** Opening Data records block **

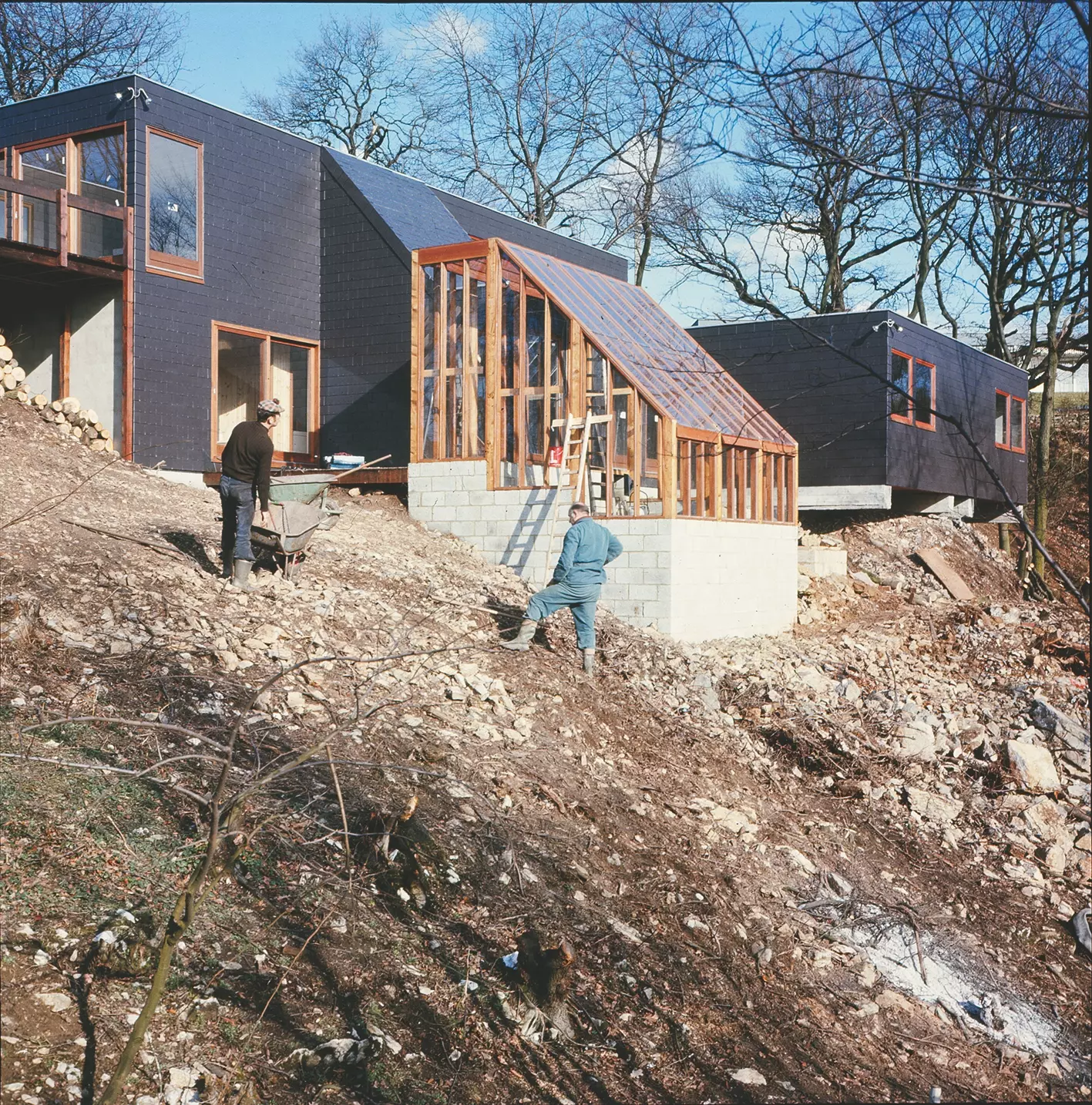 La maison a été construite avec le système modulaire PATZE développé par Jean Englebert à partir de 1964, suivant ses recherches sur la préfabrication et l'industrialisation de l'architecture. Il s'agit d'un Meccano en bois qui doit son appellation au nom de famille du menuisier qui, pendant plus de vingt ans, accompagne cette expérience originale.
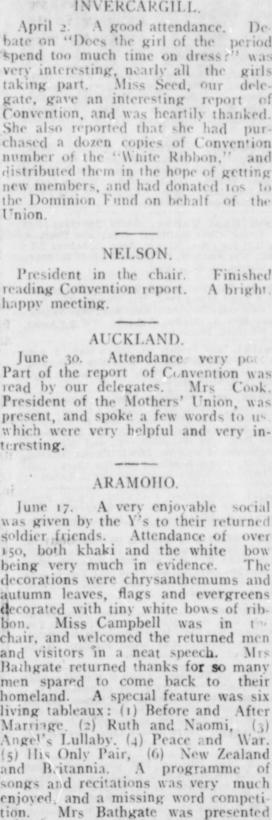 INVERCARGILL. April 2. A good attendance. Do bate on “Does the girl of tin* period 'kpend too much time on dressr’* was very interesting, nearly all the girls taking part. Miss Seed, our delegate, gave an interesting report of Convention, and was heartily thanked. She also reported that she had purchased a dozen copies of ( omen* ion number of the “White Rihlxm," and distributed them in the hope of getting new members, and had donated ins to the Dominion Fund on behalf of tin--1 'nion. NELSON. President in the chair. Finished reading Convention report. A blight. Itappv meeting. ALCKLAND June 30. Attendance very pc Part of the report of Convention was lead by our delegates. Mrs Cook. President of the Mothers’ I’nion, was present, and spoke a few words to which were very helpful and very interesting. AR AM OHO. |une 17. A very enjoyable social yyas given by the Y's to their returned soldier fijends. Attendance of over 150, both khaki and the white bow being very much in evidence. The decorations yvere chrysanthemums and autumn leaves, flags and evergreens <l* corated with tiny white bows of ribbon. Miss Campbell was in t'■ chair, and welcomed the returned men and visitors In a neat speech. Mis Bathgate returned thanks for so many men spared to come hack to their homeland. A special feature y\as six living tableaux: (1) Before and After Marriage. (2) Ruth and Naomi, (3) Angel’* Lullaby. (4) Peace ;nd W ar. <5; Ills Only Pair, (6) New Zealand and B.itannia. A programme of songs arid recitations was very mut h enjoyed, and a missing word conipeti tion. Mrs Bathgate was presented
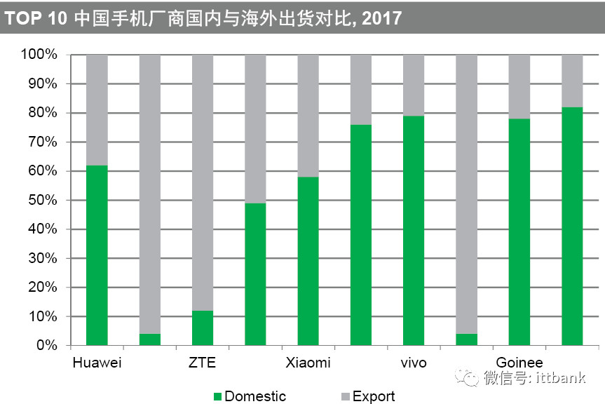 根据IHS Markit智能机出货数据,2017年中国手机厂商海外市场出货增长11.7%,其中华为,OPPO, vivo和小米2017年在海外市场出货均大幅增长。联想,TCL和中兴智能机出货主要集中在海外市场,出货以中低端机型为主。预计2018年华为,OPPO,vivo和小米在海外市场仍然有非常大的增长空间。
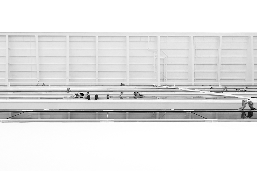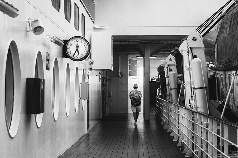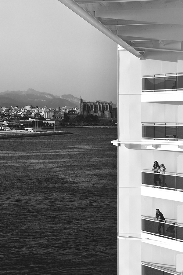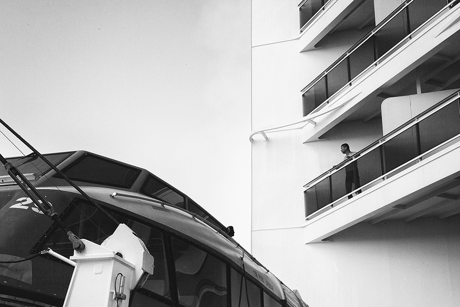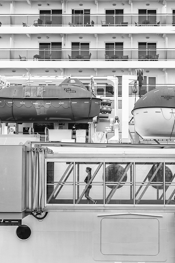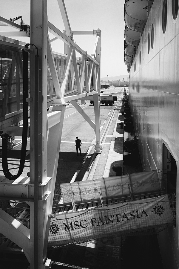 Every year in Europe cruise ships transport more than 100.000 passengers to every port in the world. These truly amazing cruise ships, brilliant, and shining cities on the seas are small, but contain the most important concentration of people from all over the world. So, whoever you are, whatever your life is, here, you can lose your identity to become part of an enormous mechanism that cycles around and renews itself continually. It becomes one body, everyone, and no one, without any connection or reality to one’s own being.
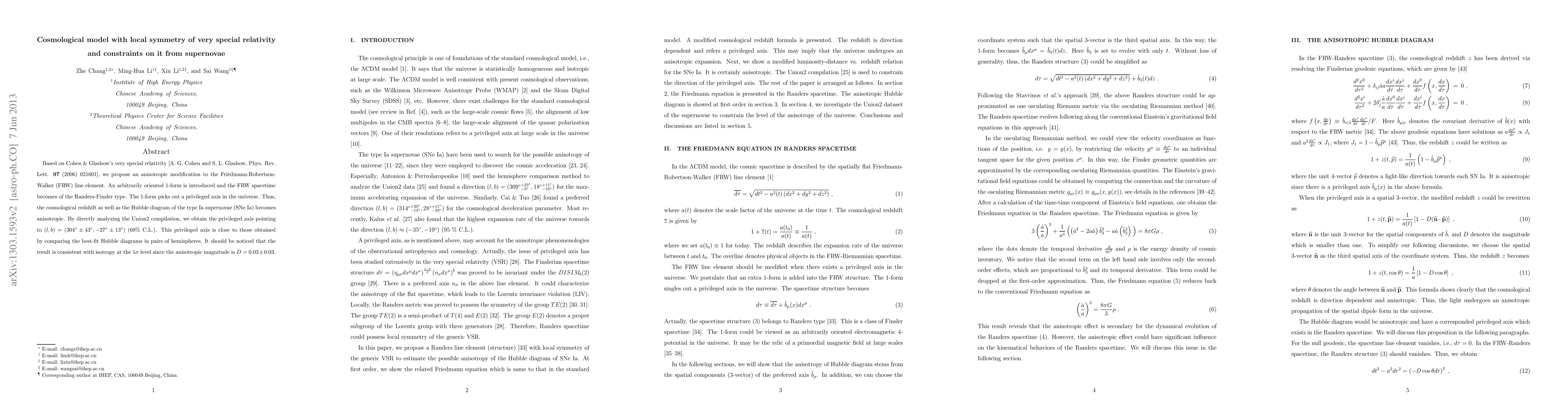Researchers proposed an anisotropic modification to the Friedmann-Robertson-Walker line element, suggesting a privileged axis in the universe that points to a specific location in the sky. This axis is consistent with isotropy at the 1σ level, and its direction matches some observed features of type Ia supernovae.
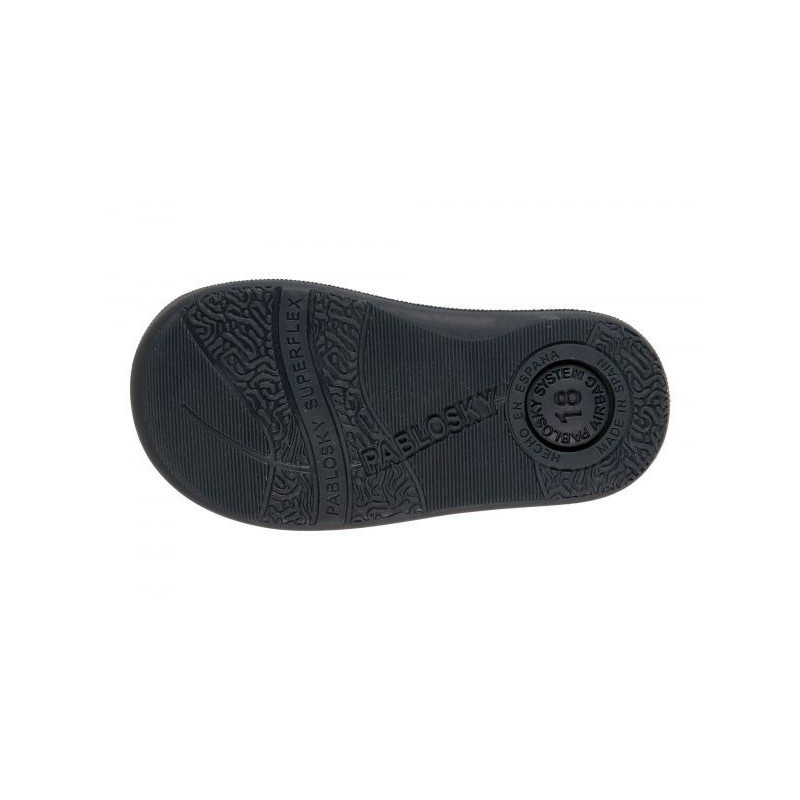 Bota para niño de la marca nacional Pablosky. Fabricada con horma fisiológica para el correcto desarrollo del pie. Tecnología System, piel de primera calidad que garantiza la mejor transpiración para el pie. Forro sin costuras de microfibra resistente al roce. Plantilla anatómica absorbente y antibacterias. Piso de goma antideslizante y de alta resistencia que incorpora la tecnología SUPERFLEX favoreciendo la flexión normal del pie. Protectores interiores en talón y puntera, incorpora puntera de goma exterior así evitar el desgaste en la puntera de la bota. Doble velcro resistente. Los únicos fabricados en España y avalados por expertos podólogos SEBIOR: Sociedad Española de Biomecánica y Ortopodología. Aviso el precio varia según el tamaño de la bota. Calce normal.

** Closing Data records block **

Instructions for the task: Restate the entries above word for word, keeping pictures out of the copy.

Solution to the exercise:
 La maison a été construite avec le système modulaire PATZE développé par Jean Englebert à partir de 1964, suivant ses recherches sur la préfabrication et l'industrialisation de l'architecture. Il s'agit d'un Meccano en bois qui doit son appellation au nom de famille du menuisier qui, pendant plus de vingt ans, accompagne cette expérience originale.
 INVERCARGILL. April 2. A good attendance. Do bate on “Does the girl of tin* period 'kpend too much time on dressr’* was very interesting, nearly all the girls taking part. Miss Seed, our delegate, gave an interesting report of Convention, and was heartily thanked. She also reported that she had purchased a dozen copies of ( omen* ion number of the “White Rihlxm," and distributed them in the hope of getting new members, and had donated ins to the Dominion Fund on behalf of tin--1 'nion. NELSON. President in the chair. Finished reading Convention report. A blight. Itappv meeting. ALCKLAND June 30. Attendance very pc Part of the report of Convention was lead by our delegates. Mrs Cook. President of the Mothers’ I’nion, was present, and spoke a few words to which were very helpful and very interesting. AR AM OHO. |une 17. A very enjoyable social yyas given by the Y's to their returned soldier fijends. Attendance of over 150, both khaki and the white bow being very much in evidence. The decorations yvere chrysanthemums and autumn leaves, flags and evergreens <l* corated with tiny white bows of ribbon. Miss Campbell was in t'■ chair, and welcomed the returned men and visitors In a neat speech. Mis Bathgate returned thanks for so many men spared to come hack to their homeland. A special feature y\as six living tableaux: (1) Before and After Marriage. (2) Ruth and Naomi, (3) Angel’* Lullaby. (4) Peace ;nd W ar. <5; Ills Only Pair, (6) New Zealand and B.itannia. A programme of songs arid recitations was very mut h enjoyed, and a missing word conipeti tion. Mrs Bathgate was presented
 根据IHS Markit智能机出货数据,2017年中国手机厂商海外市场出货增长11.7%,其中华为,OPPO, vivo和小米2017年在海外市场出货均大幅增长。联想,TCL和中兴智能机出货主要集中在海外市场,出货以中低端机型为主。预计2018年华为,OPPO,vivo和小米在海外市场仍然有非常大的增长空间。
 Every year in Europe cruise ships transport more than 100.000 passengers to every port in the world. These truly amazing cruise ships, brilliant, and shining cities on the seas are small, but contain the most important concentration of people from all over the world. So, whoever you are, whatever your life is, here, you can lose your identity to become part of an enormous mechanism that cycles around and renews itself continually. It becomes one body, everyone, and no one, without any connection or reality to one’s own being.
Researchers proposed an anisotropic modification to the Friedmann-Robertson-Walker line element, suggesting a privileged axis in the universe that points to a specific location in the sky. This axis is consistent with isotropy at the 1σ level, and its direction matches some observed features of type Ia supernovae.
 Bota para niño de la marca nacional Pablosky. Fabricada con horma fisiológica para el correcto desarrollo del pie. Tecnología System, piel de primera calidad que garantiza la mejor transpiración para el pie. Forro sin costuras de microfibra resistente al roce. Plantilla anatómica absorbente y antibacterias. Piso de goma antideslizante y de alta resistencia que incorpora la tecnología SUPERFLEX favoreciendo la flexión normal del pie. Protectores interiores en talón y puntera, incorpora puntera de goma exterior así evitar el desgaste en la puntera de la bota. Doble velcro resistente. Los únicos fabricados en España y avalados por expertos podólogos SEBIOR: Sociedad Española de Biomecánica y Ortopodología. Aviso el precio varia según el tamaño de la bota. Calce normal.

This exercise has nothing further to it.